Through despair and darkness

Fortune Smiles is a collection of novella-like short stories by award-winning author Adam Johnson. An eclectic collection of unnerving tales, the book explores disturbing aspects of modern existence through characters experiencing tragedy, natural disasters, technological influences and political superstructure.

The characters are as haunting as each story; each one faces darkness from the past, present or future. Set in wildly disparate environments, in both time and geography, the themes of these stories are equally diverse. In the title story, Johnson depicts two defectors from Pyongyang, North Korea, who struggle to adapt to their new lives in Seoul — one cannot forget what and whom he left behind. ‘Nirvana’ portrays a programmer, whose wife has a rare disease, and who finds solace in a digital simulacrum of a recently assassinated president of the United States. In ‘Hurricanes Anonymous’, a young man searches for the mother of his son in a Louisiana devastated by Hurricanes Katrina and Rita. ‘George Orwell Was a Friend of Mine’ traces a former warden of a Stasi prison in East Germany, who vehemently denies his past even as he relives it.

Spanning across Louisiana, Berlin and the Koreas, the characters are controversial and complex. There is a sense of urgency to the stories and the people inhabiting them, as moral dilemmas and circumstances drag them through an incomprehensible world. Characters are sick, dying or dead; homesick or lost; avoiding temptations that they must face; and in certain stories, facing moral dilemmas and compromising.


Adam Johnson’s latest collection of uneasy short stories presents characters struggling with a displaced and besieged sense of self


The moral dimension leaves the reader both sympathising with the protagonists, and feeling an aversion towards them. The stories are not easy to read; they leave you wading through the mental and emotional morass of characters you would rather not know quite so intimately, but the literary construction is masterful.

One of the richer veins running through the stories is that of coping with loss and dislocation. In ‘Nirvana’, the bedridden wife suffering from Guillain-Barré syndrome finds solace and escape in Kurt Cobain’s music — who is “some kind of proof of life to Charlotte” — while the programmer creates a portable projector able to create virtually real holograms of a recently assassinated president that he, and all other grieving citizens, converse with. When does technology cease to be a means of coping with loss and tragedy and become instead a tool to hold on to what was lost?

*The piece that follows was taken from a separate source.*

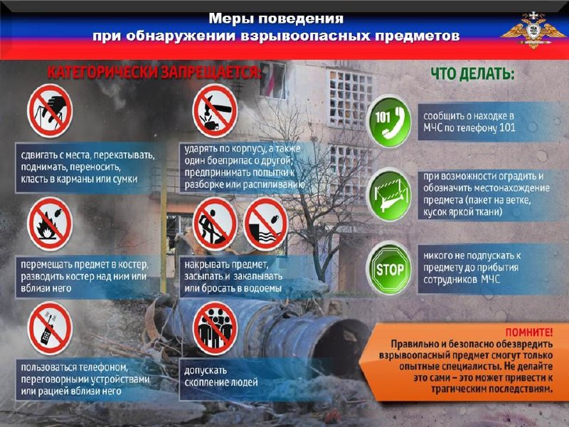 ❗️Призываем жителей Республики на фоне увеличивающихся обстрелов со стороны Украины, а также возможных диверсий различного типа со стороны Украины, с особой тщательностью соблюдать требования минной безопасности. При обнаружении подозрительных предметов не прикасаться к ним и немедленно сообщать об опасных находках в правоохранительные органы
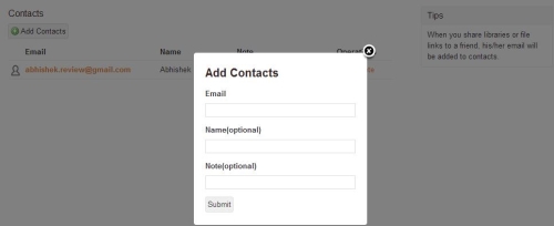 You can maintain a contact list within your SeaCloud account. Clicking on the “Add Contacts” button lets you add a new contact to the contact list. In the dialog box that appears, add the email address, name (optional) and a note (optional). A contact can be deleted or edited.

‘Hurricanes Anonymous’ is about Nonc, a UPS (United Parcel Service) driver in post-Katrina New Orleans, saddled with a two-year-old child who may or may not be his son. Nonc’s own father is on his deathbed and, according to those who know, his story is that “once upon a time, there was a man who lived only for himself. He used his family, making the most of them the way you’d make the most of a single square of toilet paper. He stole his son’s car, and finally, he was gone, which is the happy ending.” Nonc is caught between searching for the boy’s mother and planning a possible future with his son against the backdrop of a devastated state, and a girlfriend who may or may not be encouraging goodness in him. An ambiguous ending leaves the reader wondering whether Nonc will be a good father or abandon his son.

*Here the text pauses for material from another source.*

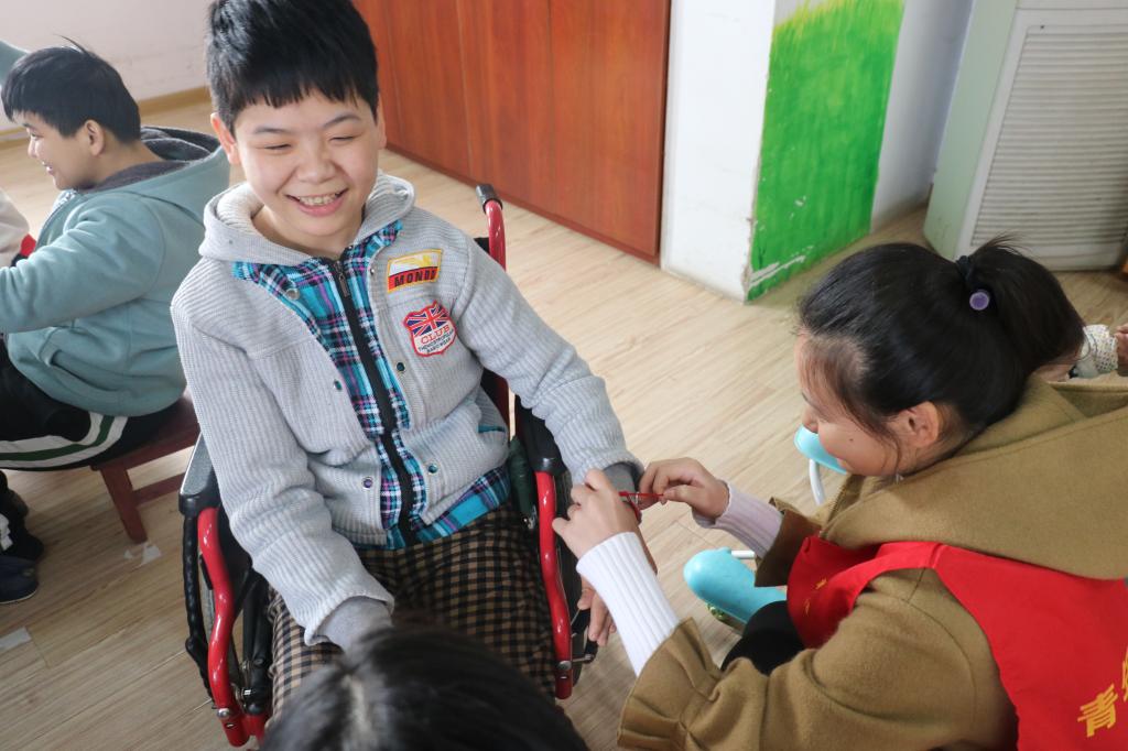 福利院的孩子多是因残疾或疾病被家人所遗弃,既有尚需抱在怀中的幼儿,也有三十多岁仍然无从走向社会的成人。他们热情、开朗,积极参与互动;他们懂得体贴、关心他人。虽然大多数孩子身体机能受损,智力有缺陷,但是脸上洋溢的笑容感染了每一位志愿者。一名女生默默摘掉手上陪伴自己多年的红绳,将它系到帮扶孩子的手腕上。这是一份心意的传达,更是一份祝福的寄托。

“Prinz gets frisky when he finishes his business. He scratches in the dirt and barks a sharp, taunting bark. This interests the empty-eyed students more than our conversation. ‘What your tour guide here doesn’t mention,’ I say to them, ‘is that I used to be in charge of this prison. So Klaus Wexler was more than a brass plaque to me. He was a real person, and when he confessed his true crime, I was there to hear it. Note that your tour guide didn’t dispute that the playwright was a sexual deviant, a drug addict and a thief. But what Klaus confessed to was much worse. It is something your tour guide probably doesn’t want you to hear.’ ‘On the contrary,’ the curator says. ‘This is a rare opportunity for us.’ ‘This time of year was confession season,’ I say. ‘It starts when the first frost arrives. The cold takes residence in the concrete walls and steel doors, and everyone knows that it is here to stay.” — Excerpt from ‘George Orwell Was a Friend of Mine’


A venomous jewel of a story follows — ‘Interesting Facts’ — in which a terminally ill woman dying of cancer resents life going on without her. Her bitterness escalates as she imagines her family carrying on. The story chronicles the blame and anger stages of coping with cancer through the disturbing thoughts of a patient’s mind.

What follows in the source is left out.